I’m into facial hair… My facial hair, of course, although I have tremendous respect for other notable beardsmen of my generation: Broken Social Scene’s Brendan Canning, Iron and Wine’s Sam Beam, hockey playoff beards – unless you play for the Toronto Maple Leafs. My wife/daughter, not so much.
|I’ve been living with an almost uncontrollable Bendan Canning-beard fetish for years now. Sometimes, I think I enjoy Broken Social Scene just because of his beard.|
|Some people think Sam Beam looks like Jesus – the blue-eyed, fair hair, Caucasian tree hugger Jesus.
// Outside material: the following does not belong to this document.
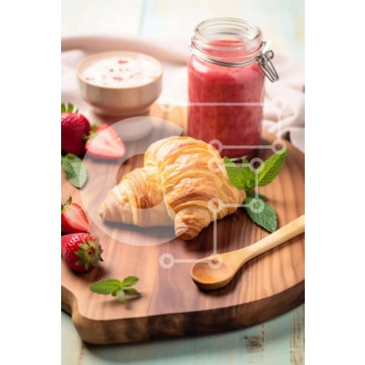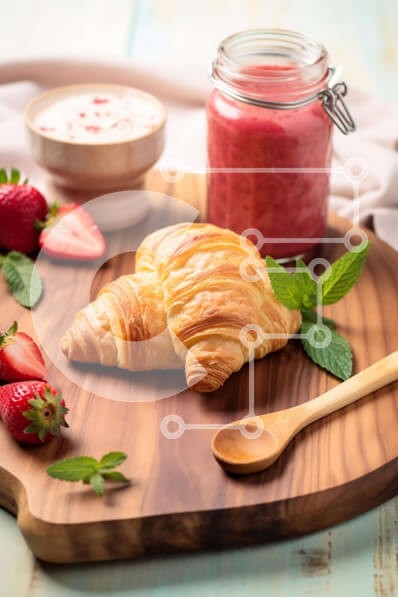 Υπάρχει δυνατότητα προσωποποίησης με δική σας φωτογραφία και προσαρμογής διαστάσεων κατόπιν παραγγελίας. Το συγεκεριμενο puzzle παρουσιαζει Η εικόνα παρουσιάζει ένα σάντουιτς κρουασάν με φράουλες, γιαούρτι και φρέσκα φύλλα μέντας. Ένα κουτάλι υπάρχει επίσης στην ξύλινη σανίδα κοπής. Πολλά μπολ διαφορετικών μεγεθών και σχημάτων είναι διάσπαρτα γύρω από την επιφάνεια του τραπεζιού, συμπεριλαμβανομένου ενός που φαίνε

But they’re wrong. That was Robert Powell.|
I’m currently sporting a week old beard. And I like it. I think it looks
good great. When I catch my reflection in the mirror, I stop and smile. And that sexy beardsman smiles back, and I can’t help to think: “Man, you’re hot”. But you see, a head hunter contacted me yesterday. He thinks he has a job for me, and he’d like to meet. That means I’ll probably have to shave that soft, cuddly duvet… Is a new job worth it?
And then there’s my wife. Last year, when I was the proud owner of a real hipster douchebag beard, she said one day: “Looks
good great, but YOU try and kiss facial pubes”.
And then there’s my daughter. I have no clue what she thinks, or what she babbles. But when she stares at my beard, and her eyes become red, and she levitates, and she foams from the mouth, and the light flickers, and the skies turn dark, I do whatever the f*ck she wants.
There’s only one way this can end, and it’s with a sad and broken razor blade after a sordid one-time affair.